- Filename extension: .art
- Developed by: America Online (AOL)
- Type of format: Image file formats

= ART image file format =

File format used by AOL

ART is a proprietary image file format used mostly by the America Online (AOL) service and client software.

== Technical details ==
The ART format (file extension ".art") holds a single still image that has been highly compressed. The format was designed to facilitate the quick downloading of images, among other things. Originally, the compression was developed by the Johnson-Grace Company, which was then acquired by AOL. When an image is converted to the ART format, the image is analyzed and the software decides what compression technique would be best. The ART format has similarities to the progressive JPEG format, and certain attributes of the ART format can lead to image quality being sacrificed for the sake of image compression (for instance, the image's color palette can be limited).

== Usage by AOL ==
The AOL service used the ART image format for most of the image presentation of the online service. In addition, the AOL client's web browser also automatically served such images in the ART format to achieve faster downloads on the slower dialup connections that were prevalent in those days. This conversion was done in the AOL proxy servers and could be optionally disabled by the user. This image conversion process effectively reduced the download time for image files. This technology was once branded as Turboweb and is now known as AOL TopSpeed.
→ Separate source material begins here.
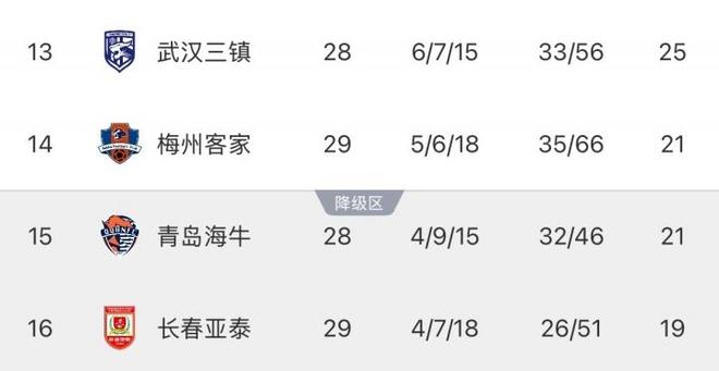 - 中超 | 中超保级形势:2队上岸海牛赢球亚泰即降级极端情况3队末轮同分
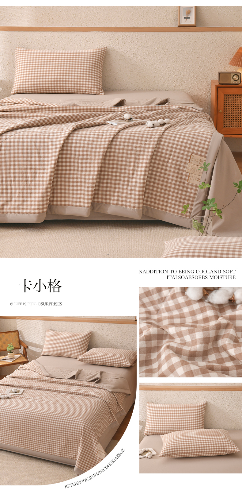 当前位置: 91家纺网 > 商品网购 > 被子 > 夏被 > 培童家纺 2026新款全棉色织水洗棉A类棉花夏被可机洗空调被四件套床单枕套 棕小格

== Software support for ART ==
The Graphic Workshop Professional software from Alchemy Mindworks Corp. supports ART files. (With later versions of the Graphic Workshop Professional software, an ART plugin from Alchemy Mindworks is required for this support.) For the Windows 2000 platform, Microsoft released the AOL Image Support Update which added support for ART images. As of June 2006 the Internet Explorer browser no longer supported ART files when Microsoft released a security update. Among other things, this update removed support for ART files from the Internet Explorer browser in order to help prevent issues where invalid ART data could cause the Internet Explorer software to unexpectedly quit. An ART file that is opened with the AOL picture viewer can be saved as another file type.
Software Mfg. Delcam (a subsidiary of Autodesk) has a product called Artcam which uses the ART file extension to create CAD/CAM files.